Oct 15 11:24:21 i-uvwxiqu9 kernel: [   44.015973] print_req_error: I/O error, dev nbd0, sector 0
Oct 15 11:24:21 i-uvwxiqu9 kernel: [   44.018006] Buffer I/O error on dev nbd0, logical block 0, async page read
Oct 15 11:24:21 i-uvwxiqu9 kernel: [   44.020183] print_req_error: I/O error, dev nbd0, sector 0
Oct 15 11:24:21 i-uvwxiqu9 kernel: [   44.021638] Buffer I/O error on dev nbd0, logical block 0, async page read
Oct 15 11:24:21 i-uvwxiqu9 kernel: [   44.023379] print_req_error: I/O error, dev nbd0, sector 0
Oct 15 11:24:21 i-uvwxiqu9 kernel: [   44.024763] Buffer I/O error on dev nbd0, logical block 0, async page read
Oct 15 11:24:21 i-uvwxiqu9 kernel: [   44.026803] print_req_error: I/O error, dev nbd0, sector 0
Oct 15 11:24:21 i-uvwxiqu9 kernel: [   44.028193] Buffer I/O error on dev nbd0, logical block 0, async page read
Oct 15 11:24:21 i-uvwxiqu9 kernel: [   44.030244] Dev nbd0: unable to read RDB block 0
Oct 15 11:24:21 i-uvwxiqu9 kernel: [   44.031491] print_req_error: I/O error, dev nbd0, sector 0
Oct 15 11:24:21 i-uvwxiqu9 kernel: [   44.032871] Buffer I/O error on dev nbd0, logical block 0, async page read
Oct 15 11:24:21 i-uvwxiqu9 kernel: [   44.034815] print_req_error: I/O error, dev nbd0, sector 0
Oct 15 11:24:21 i-uvwxiqu9 kernel: [   44.036188] Buffer I/O error on dev nbd0, logical block 0, async page read
Oct 15 11:24:21 i-uvwxiqu9 kernel: [   44.038083] print_req_error: I/O error, dev nbd0, sector 24
Oct 15 11:24:21 i-uvwxiqu9 kernel: [   44.039485] Buffer I/O error on dev nbd0, logical block 3, async page read
Oct 15 11:24:21 i-uvwxiqu9 kernel: [   44.041432]  nbd0: unable to read partition table
bsdkurt commented 5 years ago

@chenhaiq I also see this problem.
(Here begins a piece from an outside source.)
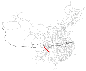 The expressway starts in Chengdu, and passes through Renshou County, Zigong, Luzhou, Chishui, Xishui County and Renhuai, before terminating in Zunyi.[3]

It is a bug in the nbd kernel module in nbd_bdev_reset() where it sets the size to 0 but the capacity is unchanged, then it calls blkdev_reread_part(). blkdev_reread_part() detects a capacity change and attempts to read the partitions on the nbd device shutting down, causing I/O errors and the unable to read partition table message.

This was fixed in 4.18 in this commit: https://github.com/torvalds/linux/commit/fe1f9e6659ca6124f500a0f829202c7c902fab0c#diff-bc9273bcb259fef182ae607a1d06a142

@josefbacik Can this fix be backported to 4.14 stable?